— Instructions for the task —
Exclude all pictures, then copy each of the records exactly as written.

· · ·

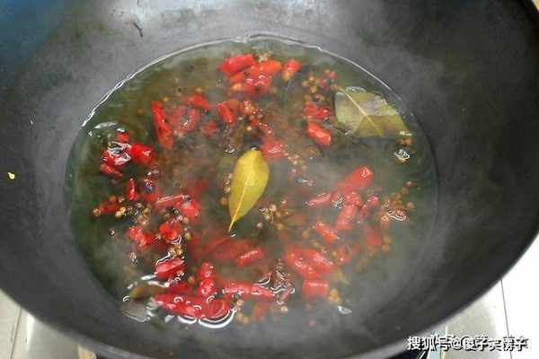 。锅内烧油,油烧热以后,放入青花椒爆香,倒入小料翻炒出香辣味。然后从锅边淋入适量的清水,加入生抽5克,陈醋5克,食盐2克,白糖少许提鲜,味精1克,老抽2克。把调料搅拌均匀,盛放在盆中备用。
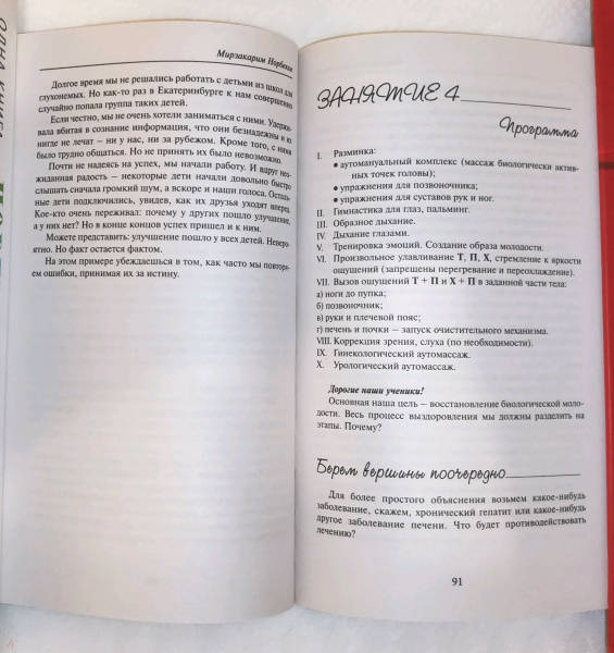 ОписаниеЗдоровье - наш дар, наша возможность, но довольно часто и наша цель, к которой мы стараемся идти всеми доступными путями. Но приходим к ней не всегда - либо недостаточно хотим, либо идем не теми дорогами. Именно поэтому нам часто нужен проводник, который подскажет верное направление и заставит преодолевать трудности. Мирзакарим Норбеков много лет разрабатывал, проверял свою уникальную лечебно-оздоровительную методику и пришел к ошеломительному результату, которым делится с вами в этой книге. Практически любой недуг можно побороть, зная технологию действия. Занимаясь по системе Норбекова, вы сможете откорректировать зрение и слух, вылечить болезни желудочно-кишечного тракта, бороться с сахарным диабетом, болезнями щитовидной железы, болезнями и дефектами кожи и даже вернуть себе свой образ молодости! Омоложение лица, кожи и всего организма в целом - это тоже процесс, который поддается регулированию! В этой книге вы найдете подробные пошаговые описания каждого занятия с рисунками и схемами. Они помогут вам самостоятельно, без постороннего воздействия и вмешательства, запустить механизм самооздоровления организма и вернуть себе энергию и бодрость молодости.Система Мирзакарима Норбекова существует уже не один десяток лет, и через нее успело пройти больше пяти миллионов человек. Популярность системы непрерывно растет.
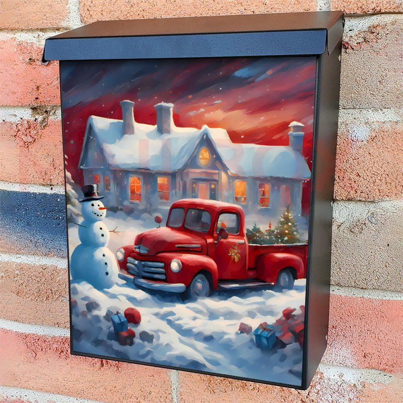 This Little Red Truck and Snowman mailbox design was created by Krisztina Soos
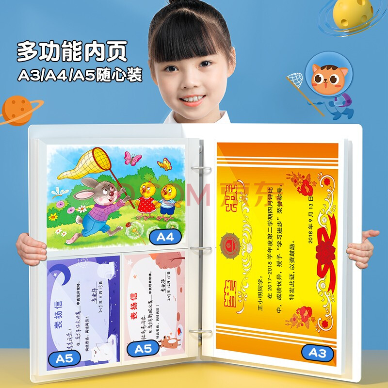 商品相册:【超级爆款】猫太子a4奖状收集册大号画册男孩荣誉证书收纳收藏儿童小学生女孩装放奖状挂墙展示升级款 粉第
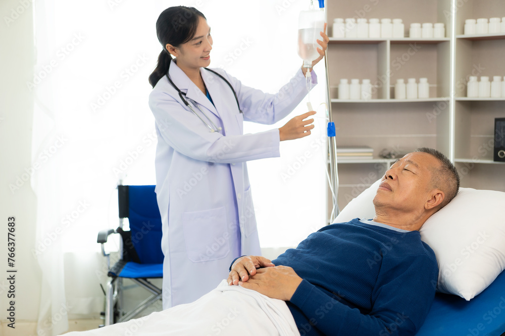 An old man hospitalized lies in bed while a doctor checks his pulse. Doctor or nurse examining a senior male patient, caring for and encouraging him in the hospital room, lying on the bed.
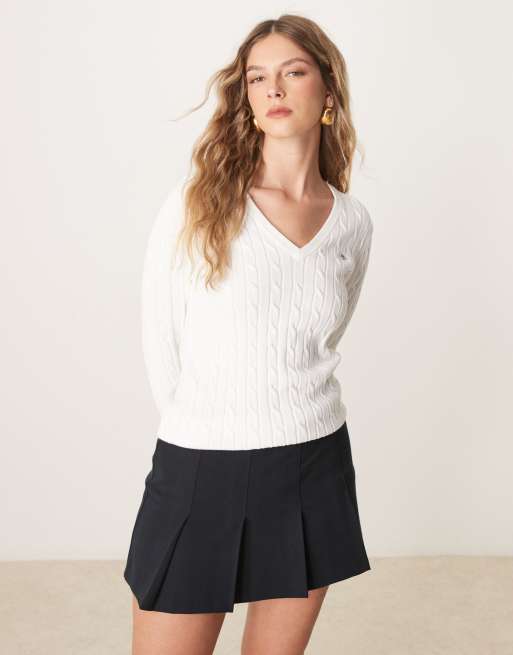 GANT cotton cable knit v-neck jumper with logo in white
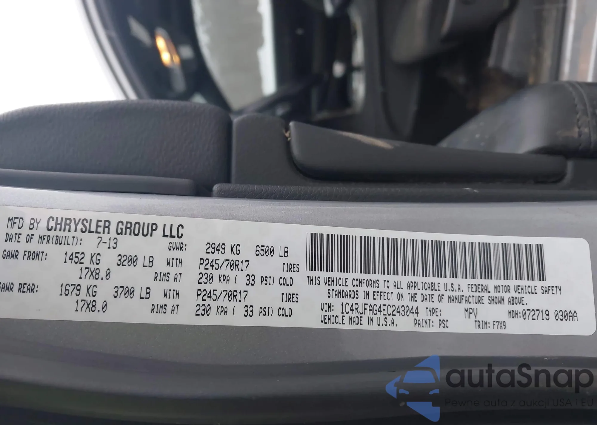 • VIN 1C4RJFAG4EC243044
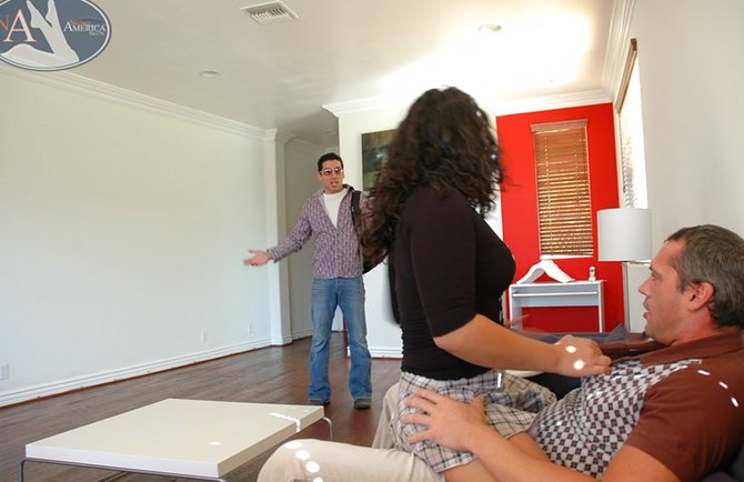 Когда статный парень оказался в гостях у зрелого мужика и его смачной женщины, он был приятно удивлен пикантной картиной. Мужчина прямо у него на глазах стал тискать свою пассию, и даже спустил с нее юбку, которая прикрывала смачные ягодицы. Чувак стоящий рядом не удержался и стал проявлять инициативу, уверенно вливаясь в групповой секс. И вот когда хахаль ввел в пизду своей телки хуй, гость просто вывалил стояк из штанов и поднес его в ротику распутницы. Таким образом мужики стали ебать брюнетку вдвоем на диванчике.
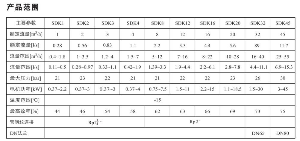 用于輸送機(jī)床冷卻液、潤滑液、冷 凝水輸送、工業(yè)清洗設(shè)備和其他適合侵入式泵使用的場合。SDK4適用于輕度腐蝕性液體,SDKT4適用于無腐蝕性液體。
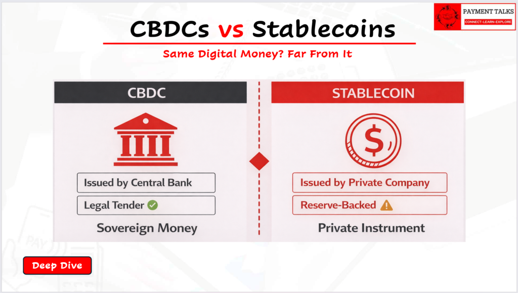 A colleague stops you in the corridor. “We just got a briefing from the central bank. They want us to assess readiness for a retail CBDC pilot.” You nod confidently. But on the way back to your desk, the question surfaces: is a CBDC just a stablecoin issued by a government? What is actually different?
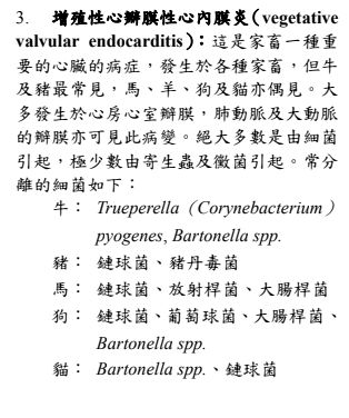 (B)在豬最常引起的細菌為Streptococcus spp.及Erysipelothrix rhusiopathiae
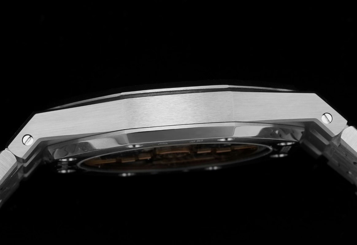 KM—超級力作皇家橡樹15202腕表尺寸39mm超級兩針機械機芯藍寶石水晶玻璃鏡面原版Cal. 2121自動機芯。 錶殼緞面和拋光潤飾完美相融錶帶側面的倒角一致性高,每一節錶帶都保持統一的角度。 防眩光處理藍寶石水晶玻璃鏡面原版Cal. 2121自動機芯夾板倒角,螺絲頭拋光,日內瓦條紋-提供動力儲備長達40小時。
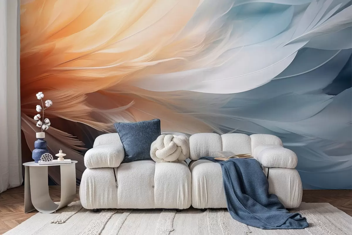 Papier peint Plumes délicates dans des tons dégradés d'orange et de bleu N° w09282

· · ·

— Answer —
 。锅内烧油,油烧热以后,放入青花椒爆香,倒入小料翻炒出香辣味。然后从锅边淋入适量的清水,加入生抽5克,陈醋5克,食盐2克,白糖少许提鲜,味精1克,老抽2克。把调料搅拌均匀,盛放在盆中备用。
 ОписаниеЗдоровье - наш дар, наша возможность, но довольно часто и наша цель, к которой мы стараемся идти всеми доступными путями. Но приходим к ней не всегда - либо недостаточно хотим, либо идем не теми дорогами. Именно поэтому нам часто нужен проводник, который подскажет верное направление и заставит преодолевать трудности. Мирзакарим Норбеков много лет разрабатывал, проверял свою уникальную лечебно-оздоровительную методику и пришел к ошеломительному результату, которым делится с вами в этой книге. Практически любой недуг можно побороть, зная технологию действия. Занимаясь по системе Норбекова, вы сможете откорректировать зрение и слух, вылечить болезни желудочно-кишечного тракта, бороться с сахарным диабетом, болезнями щитовидной железы, болезнями и дефектами кожи и даже вернуть себе свой образ молодости! Омоложение лица, кожи и всего организма в целом - это тоже процесс, который поддается регулированию! В этой книге вы найдете подробные пошаговые описания каждого занятия с рисунками и схемами. Они помогут вам самостоятельно, без постороннего воздействия и вмешательства, запустить механизм самооздоровления организма и вернуть себе энергию и бодрость молодости.Система Мирзакарима Норбекова существует уже не один десяток лет, и через нее успело пройти больше пяти миллионов человек. Популярность системы непрерывно растет.
 This Little Red Truck and Snowman mailbox design was created by Krisztina Soos
 商品相册:【超级爆款】猫太子a4奖状收集册大号画册男孩荣誉证书收纳收藏儿童小学生女孩装放奖状挂墙展示升级款 粉第
 An old man hospitalized lies in bed while a doctor checks his pulse. Doctor or nurse examining a senior male patient, caring for and encouraging him in the hospital room, lying on the bed.
 GANT cotton cable knit v-neck jumper with logo in white
 • VIN 1C4RJFAG4EC243044
 Когда статный парень оказался в гостях у зрелого мужика и его смачной женщины, он был приятно удивлен пикантной картиной. Мужчина прямо у него на глазах стал тискать свою пассию, и даже спустил с нее юбку, которая прикрывала смачные ягодицы. Чувак стоящий рядом не удержался и стал проявлять инициативу, уверенно вливаясь в групповой секс. И вот когда хахаль ввел в пизду своей телки хуй, гость просто вывалил стояк из штанов и поднес его в ротику распутницы. Таким образом мужики стали ебать брюнетку вдвоем на диванчике.
 用于輸送機(jī)床冷卻液、潤滑液、冷 凝水輸送、工業(yè)清洗設(shè)備和其他適合侵入式泵使用的場合。SDK4適用于輕度腐蝕性液體,SDKT4適用于無腐蝕性液體。
 A colleague stops you in the corridor. “We just got a briefing from the central bank. They want us to assess readiness for a retail CBDC pilot.” You nod confidently. But on the way back to your desk, the question surfaces: is a CBDC just a stablecoin issued by a government? What is actually different?
 (B)在豬最常引起的細菌為Streptococcus spp.及Erysipelothrix rhusiopathiae
 KM—超級力作皇家橡樹15202腕表尺寸39mm超級兩針機械機芯藍寶石水晶玻璃鏡面原版Cal. 2121自動機芯。 錶殼緞面和拋光潤飾完美相融錶帶側面的倒角一致性高,每一節錶帶都保持統一的角度。 防眩光處理藍寶石水晶玻璃鏡面原版Cal. 2121自動機芯夾板倒角,螺絲頭拋光,日內瓦條紋-提供動力儲備長達40小時。
 Papier peint Plumes délicates dans des tons dégradés d'orange et de bleu N° w09282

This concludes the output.